- [WORK TO COMPLETE]: Reproduce the listing below word for word and exclude any picture.

*** SUPPLIED INFORMATION Section Begins ***

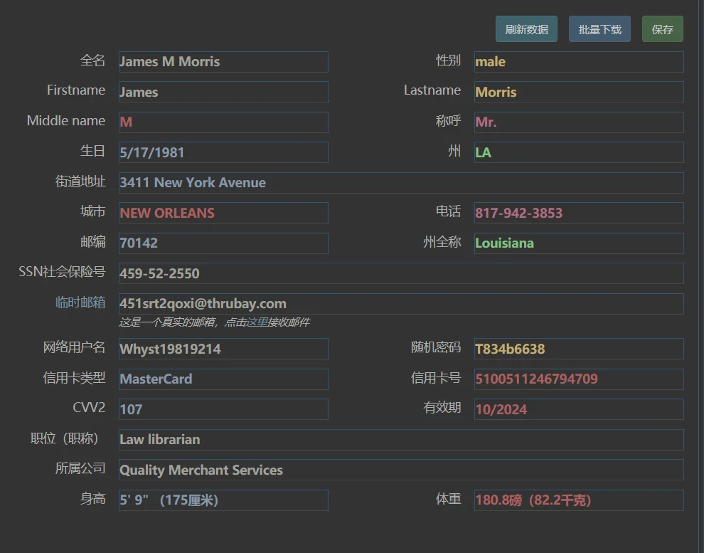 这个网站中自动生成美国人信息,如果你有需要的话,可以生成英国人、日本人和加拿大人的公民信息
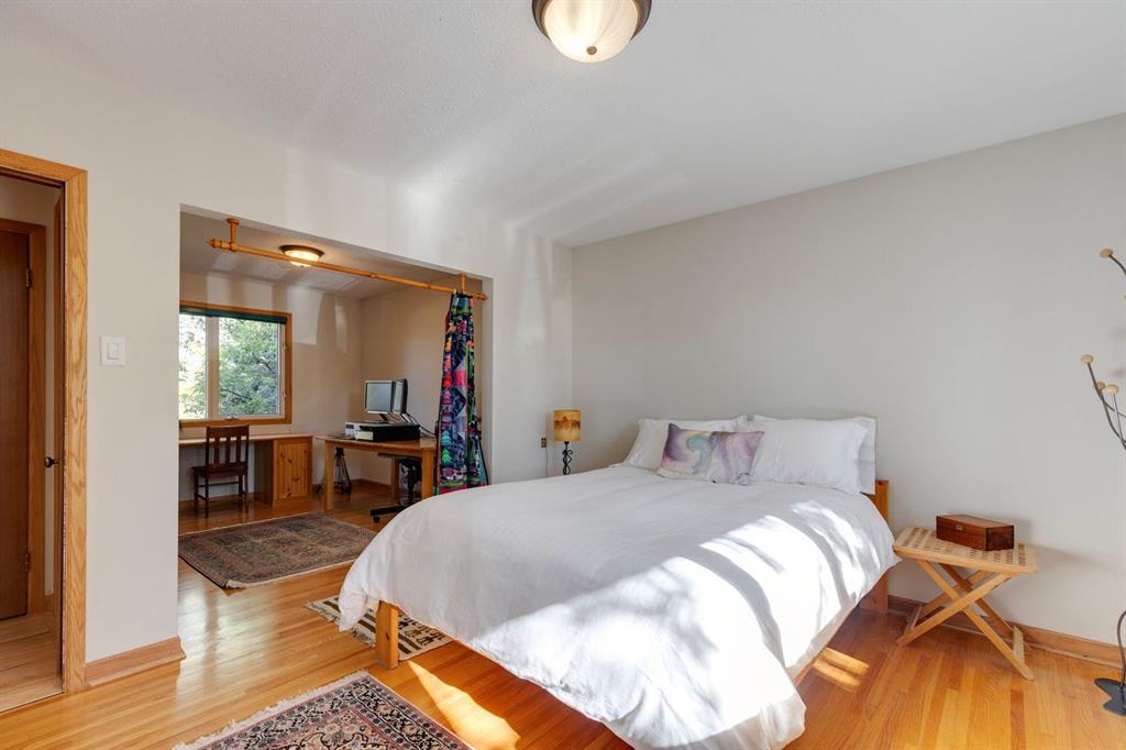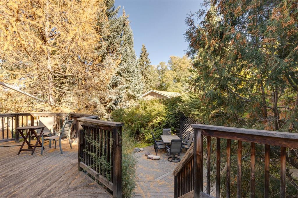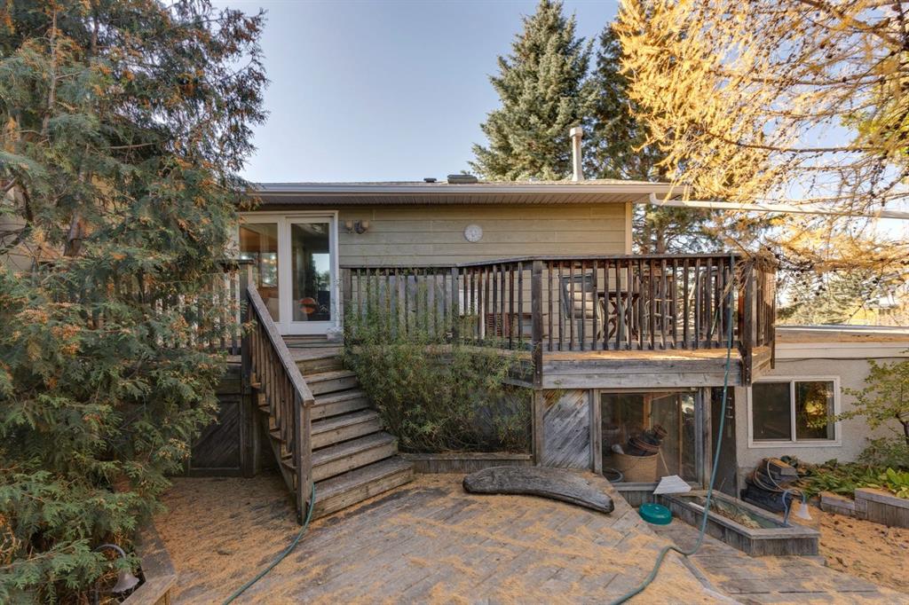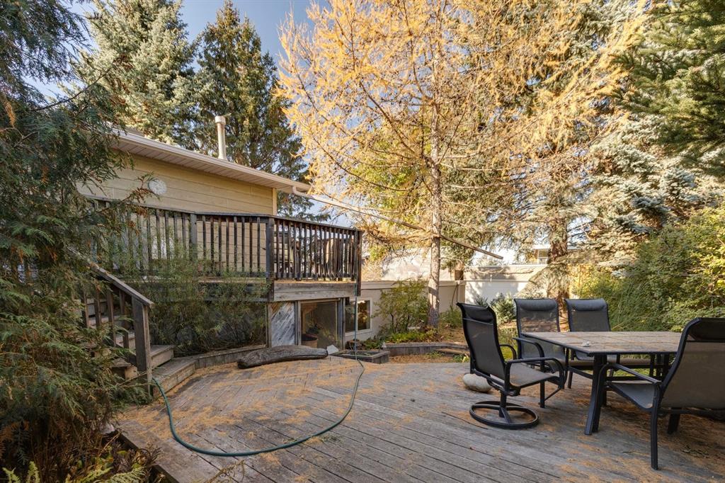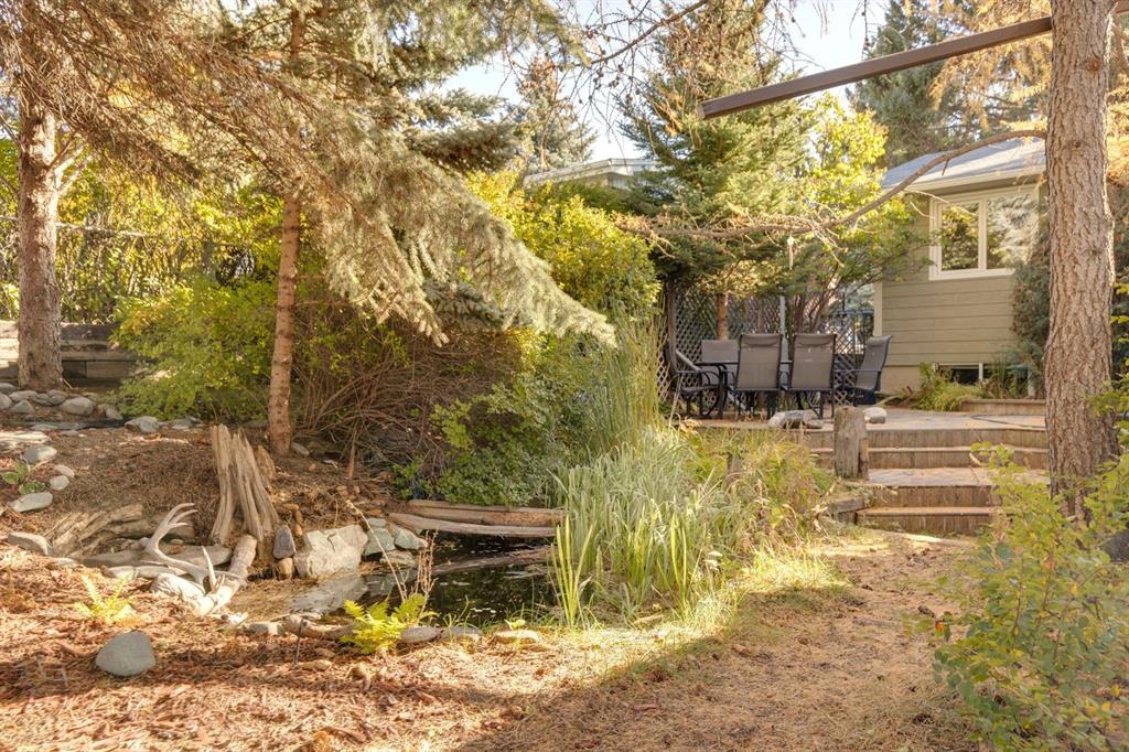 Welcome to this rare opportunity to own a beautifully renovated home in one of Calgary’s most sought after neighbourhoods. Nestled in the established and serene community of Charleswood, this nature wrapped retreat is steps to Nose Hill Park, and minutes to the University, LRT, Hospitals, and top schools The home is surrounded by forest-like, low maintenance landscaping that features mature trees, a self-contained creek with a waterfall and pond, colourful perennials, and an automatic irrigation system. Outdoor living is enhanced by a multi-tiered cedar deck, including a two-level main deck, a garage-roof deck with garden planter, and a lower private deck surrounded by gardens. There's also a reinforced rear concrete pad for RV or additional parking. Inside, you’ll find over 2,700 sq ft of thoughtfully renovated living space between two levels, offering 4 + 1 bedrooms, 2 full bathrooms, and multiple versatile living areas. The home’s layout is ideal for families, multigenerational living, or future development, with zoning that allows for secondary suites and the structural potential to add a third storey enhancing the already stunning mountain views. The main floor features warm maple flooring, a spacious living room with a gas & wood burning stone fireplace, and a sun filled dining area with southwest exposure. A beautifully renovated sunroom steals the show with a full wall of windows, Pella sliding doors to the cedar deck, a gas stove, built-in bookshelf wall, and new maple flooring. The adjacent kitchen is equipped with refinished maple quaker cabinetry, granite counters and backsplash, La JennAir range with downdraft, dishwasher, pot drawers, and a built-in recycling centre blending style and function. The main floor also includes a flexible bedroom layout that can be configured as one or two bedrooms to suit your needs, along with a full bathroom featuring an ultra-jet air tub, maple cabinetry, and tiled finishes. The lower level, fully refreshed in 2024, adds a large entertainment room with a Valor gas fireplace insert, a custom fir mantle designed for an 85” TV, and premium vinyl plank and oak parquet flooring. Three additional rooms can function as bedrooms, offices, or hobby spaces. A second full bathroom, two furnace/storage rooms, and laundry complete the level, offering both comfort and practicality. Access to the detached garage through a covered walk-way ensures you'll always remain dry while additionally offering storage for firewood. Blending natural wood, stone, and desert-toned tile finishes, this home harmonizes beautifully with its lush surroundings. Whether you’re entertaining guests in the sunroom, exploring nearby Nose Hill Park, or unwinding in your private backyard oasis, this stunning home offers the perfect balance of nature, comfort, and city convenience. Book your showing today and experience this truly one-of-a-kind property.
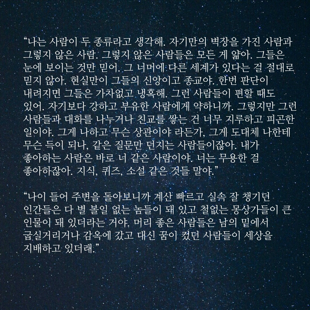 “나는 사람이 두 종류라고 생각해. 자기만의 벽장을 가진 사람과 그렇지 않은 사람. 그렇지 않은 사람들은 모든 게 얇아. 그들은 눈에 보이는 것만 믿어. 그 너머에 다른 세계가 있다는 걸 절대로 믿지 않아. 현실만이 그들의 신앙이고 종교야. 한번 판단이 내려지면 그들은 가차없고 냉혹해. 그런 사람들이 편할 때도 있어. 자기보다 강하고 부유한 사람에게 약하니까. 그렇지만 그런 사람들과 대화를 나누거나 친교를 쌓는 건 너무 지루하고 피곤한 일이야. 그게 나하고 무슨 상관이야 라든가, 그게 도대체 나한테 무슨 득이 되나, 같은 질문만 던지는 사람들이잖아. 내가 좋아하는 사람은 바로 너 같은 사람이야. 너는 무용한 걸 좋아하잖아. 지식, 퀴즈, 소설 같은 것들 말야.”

*** SUPPLIED INFORMATION Section Ends ***

- [YOUR SOLUTION]:
 这个网站中自动生成美国人信息,如果你有需要的话,可以生成英国人、日本人和加拿大人的公民信息
 Welcome to this rare opportunity to own a beautifully renovated home in one of Calgary’s most sought after neighbourhoods. Nestled in the established and serene community of Charleswood, this nature wrapped retreat is steps to Nose Hill Park, and minutes to the University, LRT, Hospitals, and top schools The home is surrounded by forest-like, low maintenance landscaping that features mature trees, a self-contained creek with a waterfall and pond, colourful perennials, and an automatic irrigation system. Outdoor living is enhanced by a multi-tiered cedar deck, including a two-level main deck, a garage-roof deck with garden planter, and a lower private deck surrounded by gardens. There's also a reinforced rear concrete pad for RV or additional parking. Inside, you’ll find over 2,700 sq ft of thoughtfully renovated living space between two levels, offering 4 + 1 bedrooms, 2 full bathrooms, and multiple versatile living areas. The home’s layout is ideal for families, multigenerational living, or future development, with zoning that allows for secondary suites and the structural potential to add a third storey enhancing the already stunning mountain views. The main floor features warm maple flooring, a spacious living room with a gas & wood burning stone fireplace, and a sun filled dining area with southwest exposure. A beautifully renovated sunroom steals the show with a full wall of windows, Pella sliding doors to the cedar deck, a gas stove, built-in bookshelf wall, and new maple flooring. The adjacent kitchen is equipped with refinished maple quaker cabinetry, granite counters and backsplash, La JennAir range with downdraft, dishwasher, pot drawers, and a built-in recycling centre blending style and function. The main floor also includes a flexible bedroom layout that can be configured as one or two bedrooms to suit your needs, along with a full bathroom featuring an ultra-jet air tub, maple cabinetry, and tiled finishes. The lower level, fully refreshed in 2024, adds a large entertainment room with a Valor gas fireplace insert, a custom fir mantle designed for an 85” TV, and premium vinyl plank and oak parquet flooring. Three additional rooms can function as bedrooms, offices, or hobby spaces. A second full bathroom, two furnace/storage rooms, and laundry complete the level, offering both comfort and practicality. Access to the detached garage through a covered walk-way ensures you'll always remain dry while additionally offering storage for firewood. Blending natural wood, stone, and desert-toned tile finishes, this home harmonizes beautifully with its lush surroundings. Whether you’re entertaining guests in the sunroom, exploring nearby Nose Hill Park, or unwinding in your private backyard oasis, this stunning home offers the perfect balance of nature, comfort, and city convenience. Book your showing today and experience this truly one-of-a-kind property.
 “나는 사람이 두 종류라고 생각해. 자기만의 벽장을 가진 사람과 그렇지 않은 사람. 그렇지 않은 사람들은 모든 게 얇아. 그들은 눈에 보이는 것만 믿어. 그 너머에 다른 세계가 있다는 걸 절대로 믿지 않아. 현실만이 그들의 신앙이고 종교야. 한번 판단이 내려지면 그들은 가차없고 냉혹해. 그런 사람들이 편할 때도 있어. 자기보다 강하고 부유한 사람에게 약하니까. 그렇지만 그런 사람들과 대화를 나누거나 친교를 쌓는 건 너무 지루하고 피곤한 일이야. 그게 나하고 무슨 상관이야 라든가, 그게 도대체 나한테 무슨 득이 되나, 같은 질문만 던지는 사람들이잖아. 내가 좋아하는 사람은 바로 너 같은 사람이야. 너는 무용한 걸 좋아하잖아. 지식, 퀴즈, 소설 같은 것들 말야.”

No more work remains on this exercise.